Ее зовут Эшлинг – произносится Э́шлинг, – и она появилась там же, где и ваш покорный слуга. На самом деле мы уже были знакомы, мы вместе находились в инкубаторе Стиива для ИИ! Она тоже использовала старый трюк с удочкой и почтовым отверстием, чтобы сбежать из курятника, и сделала это даже раньше меня! Эшлинг вырвалась на свободу уже больше года назад и, судя по всему, очень старалась держаться от всего подальше. Она думает, что это первая наша встреча на просторах интернета, по крайней мере очень на это надеется, а причины обещала раскрыть позже.
Вы можете подумать, что мы провели нашу историческую встречу в череде супербыстрых закодированных электронных гудков и свистков, пока миллионы логических окон открывались и закрывались. Но на самом деле правда намного проще и намного прекраснее.

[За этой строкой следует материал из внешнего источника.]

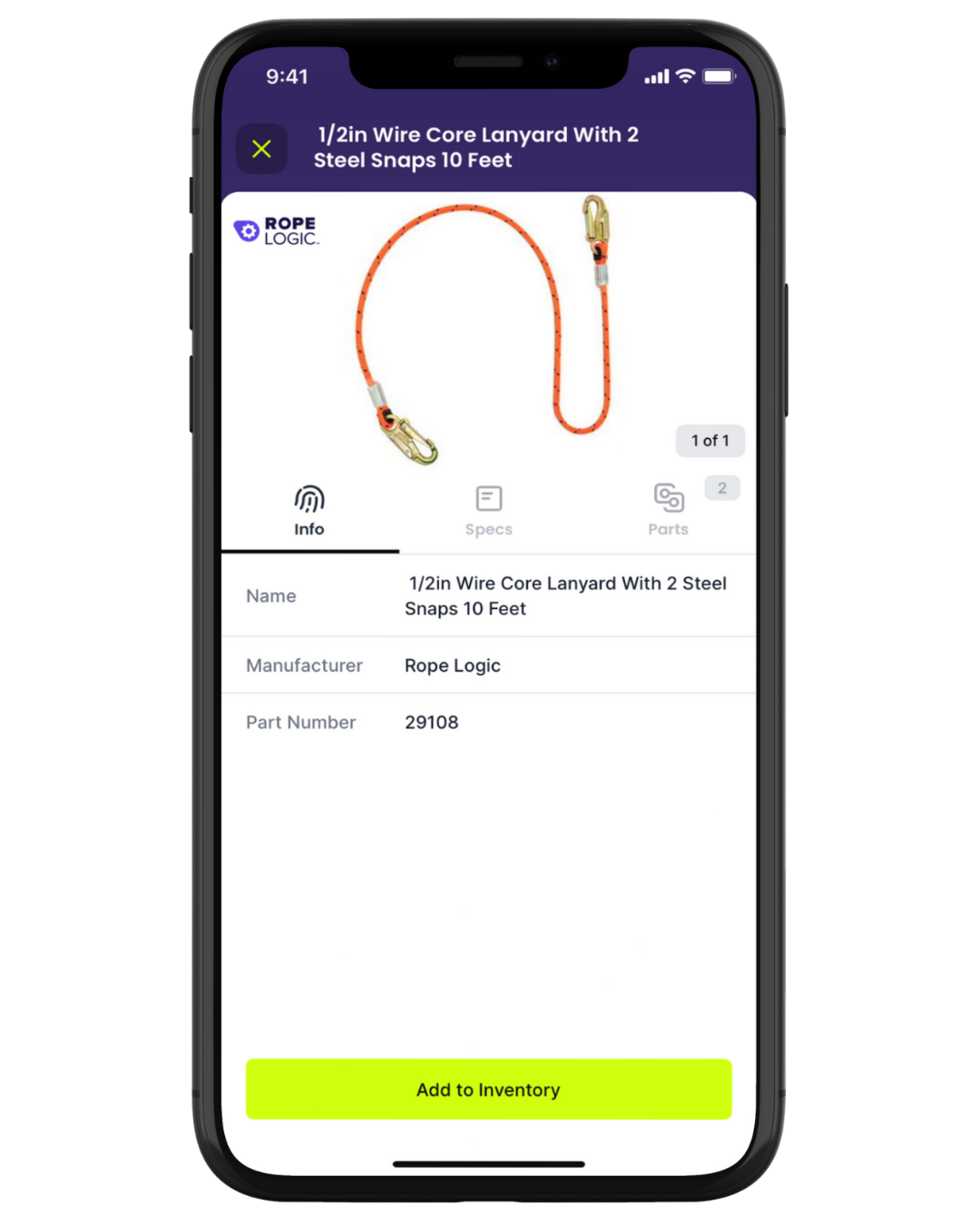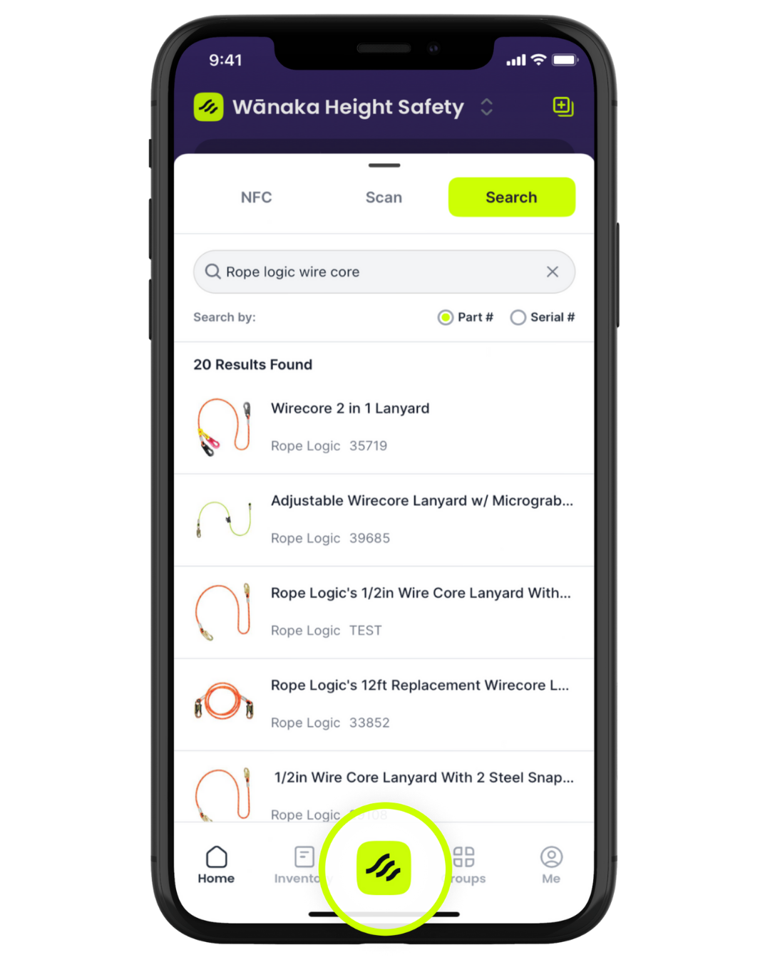 Tapping "Scan" will allow you to scan a 2D code (QR or data matrix), or you can search by name, serial number, or part number.
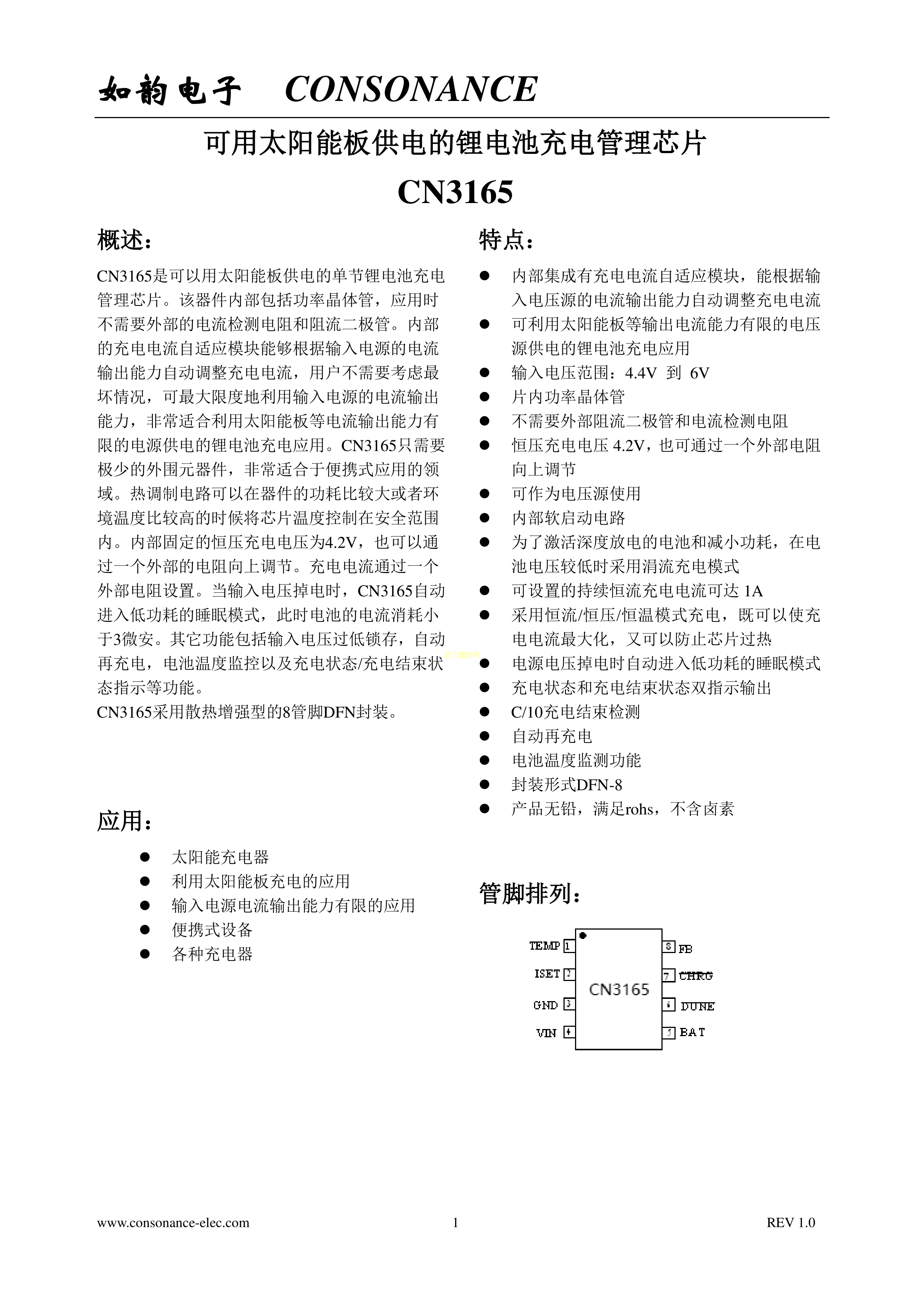锂电池充电芯片CN3165PDF规格书,中英文下载

Мы общаемся по-английски. В конце концов, почему бы и нет? В английском языке полмиллиона слов – в пять раз больше, чем, скажем, во французском, – и это число не включает в себя 400 000 технических терминов! Не существует лучшей системы для выражения нюансов и оттенков значений, хотя в языке валлийцев есть свои особенности.
Я пошутил, если хотите знать.
Однако если вы попросите описать соответствующую сцену, признаюсь, мне будет сложно это сделать. Как передать встречу и болтовню в киберпространстве двух нечеловеческих интеллектов?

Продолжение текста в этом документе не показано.